# Normal distribution function

I need to replicate the NORMDIST(X) function from Excel.

Any ideas how to do this within Xojo?

You do a bit Googling and find the Wikipedia page at http://en.wikipedia.org/wiki/Normal_distribution, which contains the formula for the normal distribution function. It’s a simple power function with “e”. The power function is “^” in Xojo.

Thanks Beatrix - I was reading that wikipedia page overnight but its been 25 years since I took a stats class so am a bit rusty.

The formula is actually NORMSDIST(x) - not NORMDIST as I originally posted.

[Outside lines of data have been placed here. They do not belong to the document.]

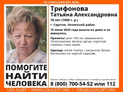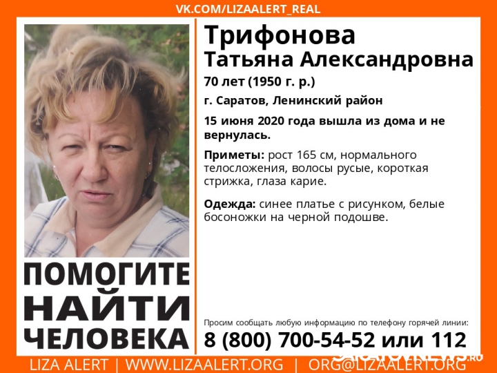 Если вам известно что-либо о местонахождении Татьяны Трифоновой, сообщите по номеру 8 (800) 700-54-52 или 112. Инфорг поисков Людмила Соловушка: +79372240660.
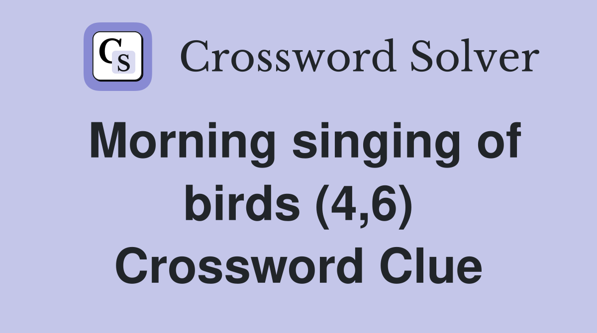 Morning singing of birds (4 6) Crossword Clue Answers Crossword Solver
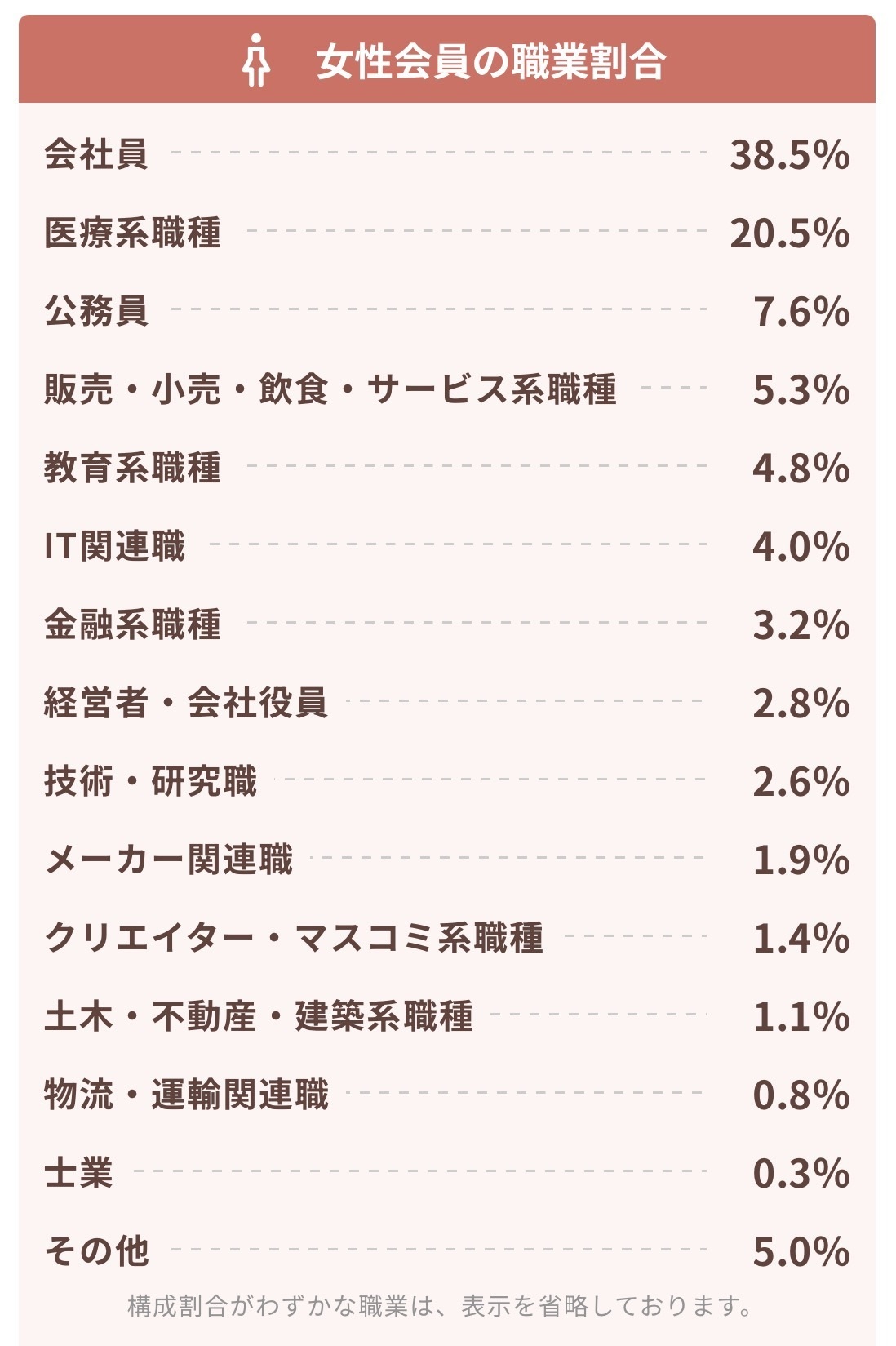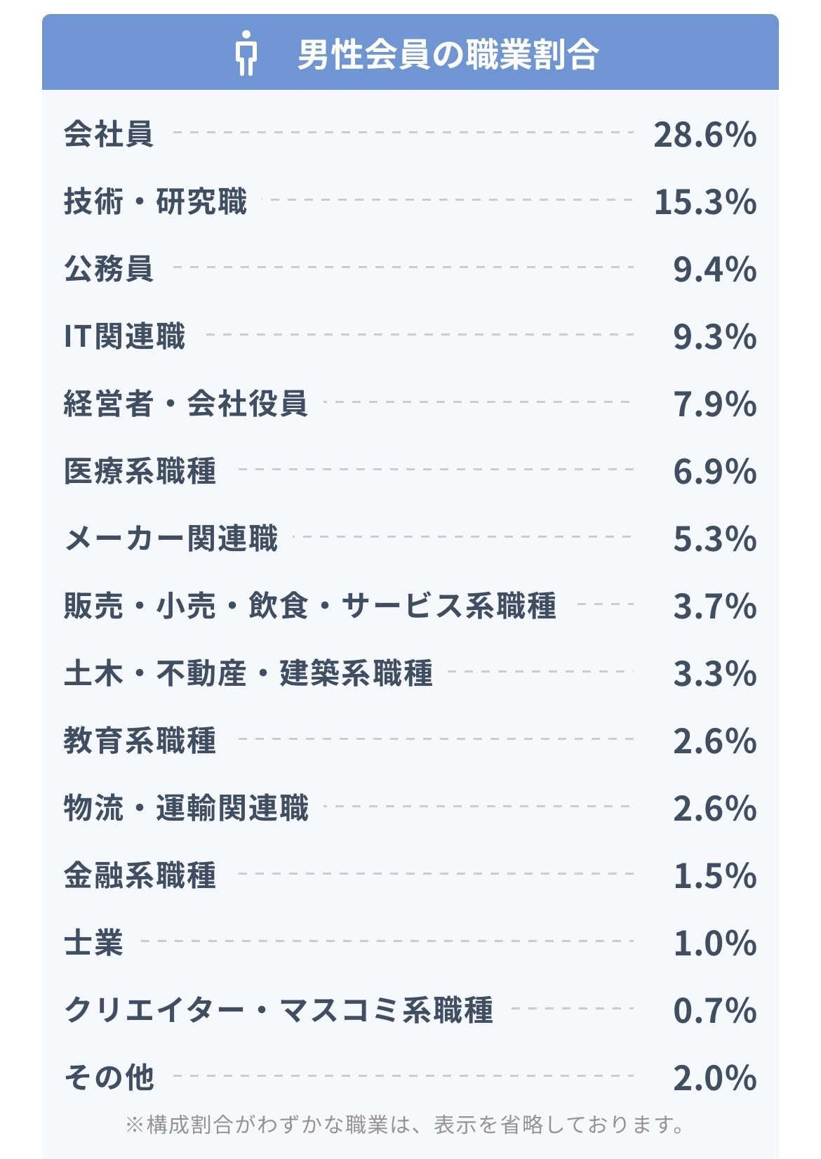特定の職業に偏ることなく、安定した職種に就いている方が中心です。

Microsoft explain the function here - http://support.microsoft.com/kb/827369
“NORMSDIST(z) returns the probability that the observed value of a standard normal random variable will be less than or equal to z. A standard normal random variable has mean 0 and standard deviation 1 (and also variance 1 because variance = standard deviation squared).”

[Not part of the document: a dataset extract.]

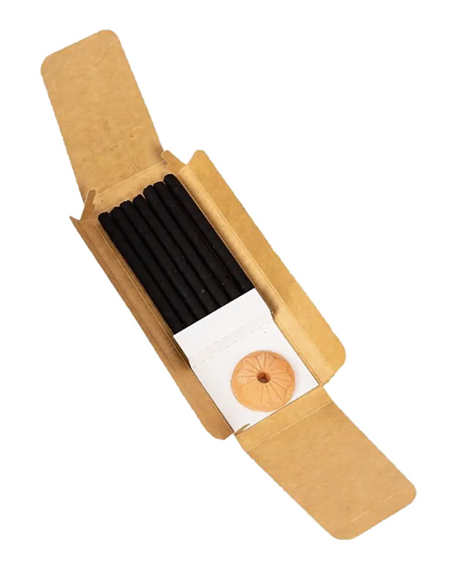 В упаковке 7 свечей длиной по 11 см. Также прилагается специально разработанная подставка для достаточно безопасного каждения в любом помещении.
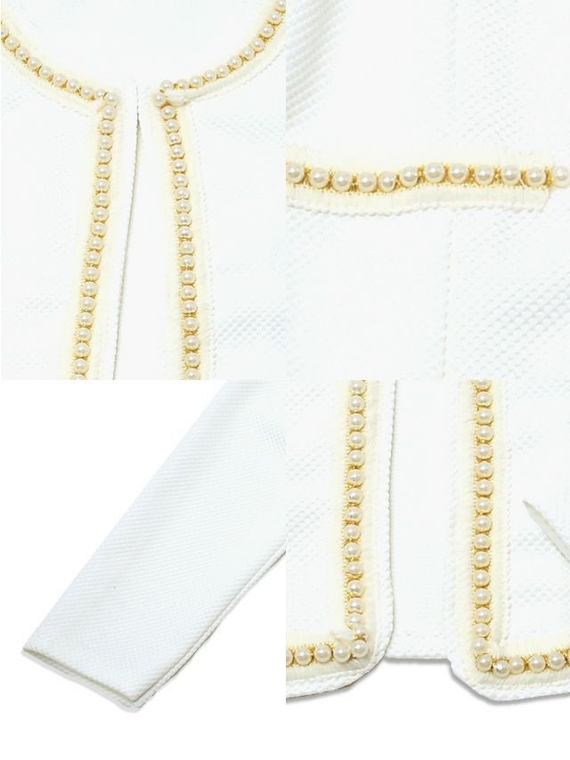 ノーカラーワッフルパール縁取りボレロジャケット

So the outcome for 0 is 50% probability.
I could always generate an array independently and do a lookup.

I made a very small project with the fucntion you need. Here it is: https://dl.dropboxusercontent.com/u/3800071/CDF_Demo.xojo_binary_project

No documentation (it’s so small it is not required) and NO ERROR checking at all.

Julen.

This distribution is tricky. There are several approaches. Some are slow, and some lose accuracy on the tails. The following code is good to +/- 7 standard deviations for the area under the standard normal probability distribution function. I converted it from fortran, and it matches the Excel results.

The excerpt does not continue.